Fluoroquinolones in the Management of Community-acquired Pneumonia in Primary Care

Brian Wispelwey; Katherine R Schafer

Disclosures

Expert Rev Anti Infect Ther. 2010;8(11):1259-1271. 

In This Article

Expert Commentary

Community-aquired pneumonia is associated with a high degree of morbidity and mortality, and the initial diagnosis and treatment decision, which usually lies with the PCP, is crucial. Although rapid treatment initiation (≤4 h, as per IDSA guideline recommendations) is of utmost importance, antibiotic therapy should only be initiated after a correct diagnosis is established. This helps ensure that a patient will not receive unnecessary treatment and can also help prevent the emergence of drug-resistant organisms.
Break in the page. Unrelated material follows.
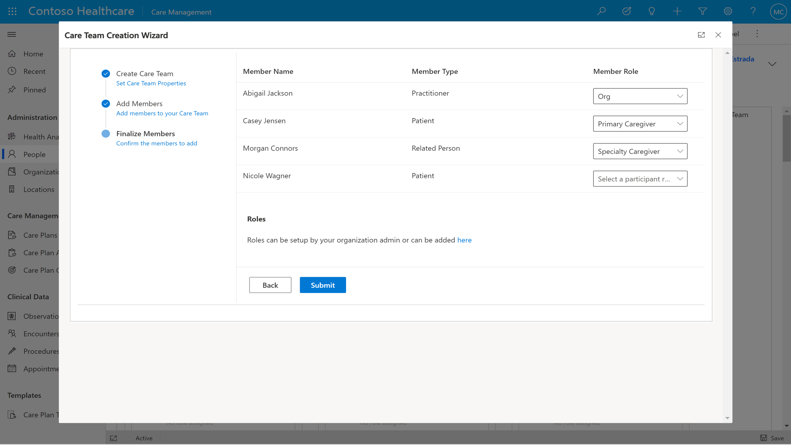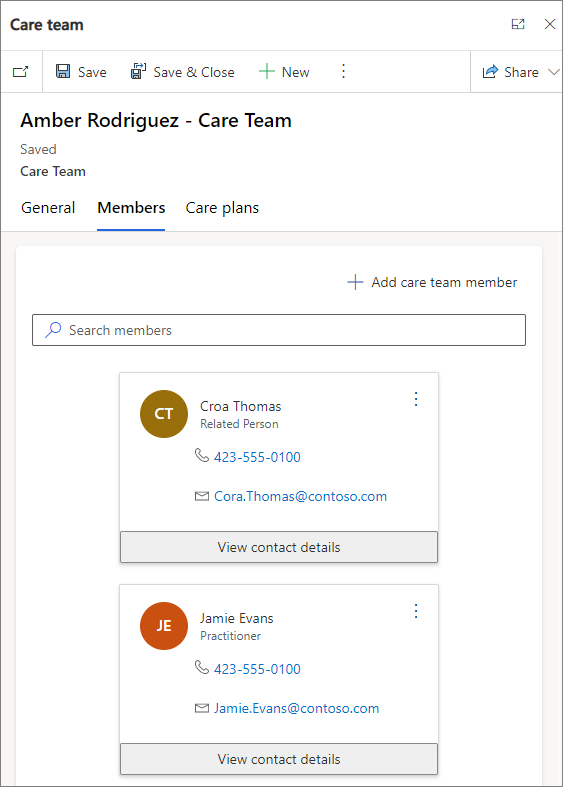 Selezionare la scheda Team di assistenza per una visualizzazione dei professionisti medici, dei familiari e di altre persone autorizzate coinvolte nell'assistenza del paziente, inclusi i nomi, il ruolo del team di assistenza e il piano di assistenza e la condizione associati.

The respiratory fluoroquinolones (levofloxacin, moxifloxacin and gemifloxacin) are recommended by the IDSA/ATS for the treatment of CAP complicated by comorbidities or penicillin allergy. All three fluoroquinolones have high antimicrobial activity and good pharmacokinetic and pharmacodynamic profiles against S. pneumoniae, the most common cause of CAP. In addition, both moxifloxacin and levofloxacin have efficient penetration into the site of infection. Although fluoroquinolone resistance in common CAP pathogens have been reported, studies show that moxifloxacin and levfloxacin are effective against resistant strains of S. pneumoniae. Overall, the fluoroquinolones have been shown to be safe and effective in patients with CAP, either as monotherapy or in combination with other antibiotics. Furthermore, clinical studies have shown that by increasing dosage, therapy duration may be shortened from 10 to 5 days without sacrificing efficacy or safety, which may improve medication compliance while shortening drug exposure.